Top of Recorded data

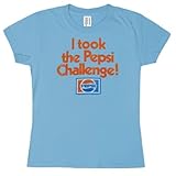 This sky blue ladies tissue t-shirt comes to you from Pepsi! Distressed artwork from the Pepsi challenge is seen on the front of this shirt. "I Took the Pepsi Challenge" is written in distressed print on the front. Awesome find!
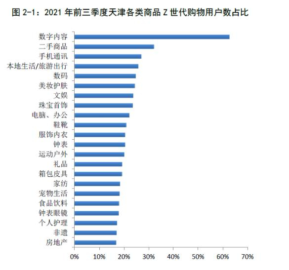 Z世代(95后)正成为最具活力、喜欢尝鲜、个性鲜明、兴趣多元的新生代消费群体,引领消费发展新趋势,相关消费潜力不断释放。京东数据显示,2021年前三季度,天津Z世代消费群体占比为16.4%,其中,天津数字内容、手机通讯、数码类商品中Z世代购物用户数占比达62.6%、26.9%和24.7%,明显高于全品类Z世代用户占比。
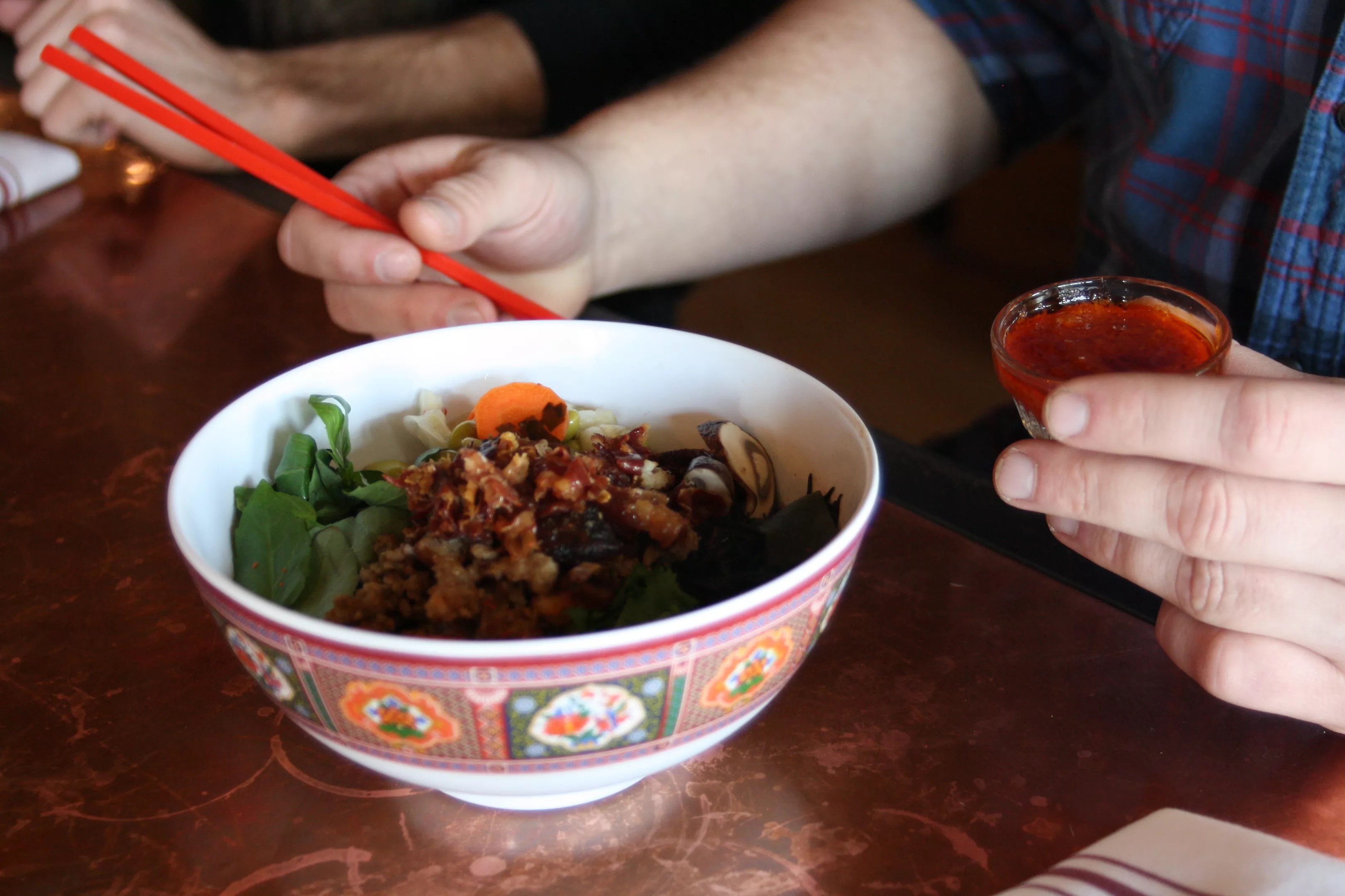 Lopiccolo serves two types of ramen bowls: mushroom and pork. The mushroom ramen has a red miso-lemongrass broth that gets additional flavor from veggie scraps that have been roasted on sheet trays. The broth and noodles are topped off with a seaweed salad, marinated vegetables, kimchi, a soft-boiled egg and mushrooms he finds each Sunday morning at Pacific Mercantile Company downtown. The egg can be left out to make the ramen vegan.

Bottom of Recorded data

* _Instructions to follow_: A faithful copy of all the lines above is needed, with the pictures omitted.

* _Exercise output_:
 This sky blue ladies tissue t-shirt comes to you from Pepsi! Distressed artwork from the Pepsi challenge is seen on the front of this shirt. "I Took the Pepsi Challenge" is written in distressed print on the front. Awesome find!
 Z世代(95后)正成为最具活力、喜欢尝鲜、个性鲜明、兴趣多元的新生代消费群体,引领消费发展新趋势,相关消费潜力不断释放。京东数据显示,2021年前三季度,天津Z世代消费群体占比为16.4%,其中,天津数字内容、手机通讯、数码类商品中Z世代购物用户数占比达62.6%、26.9%和24.7%,明显高于全品类Z世代用户占比。
 Lopiccolo serves two types of ramen bowls: mushroom and pork. The mushroom ramen has a red miso-lemongrass broth that gets additional flavor from veggie scraps that have been roasted on sheet trays. The broth and noodles are topped off with a seaweed salad, marinated vegetables, kimchi, a soft-boiled egg and mushrooms he finds each Sunday morning at Pacific Mercantile Company downtown. The egg can be left out to make the ramen vegan.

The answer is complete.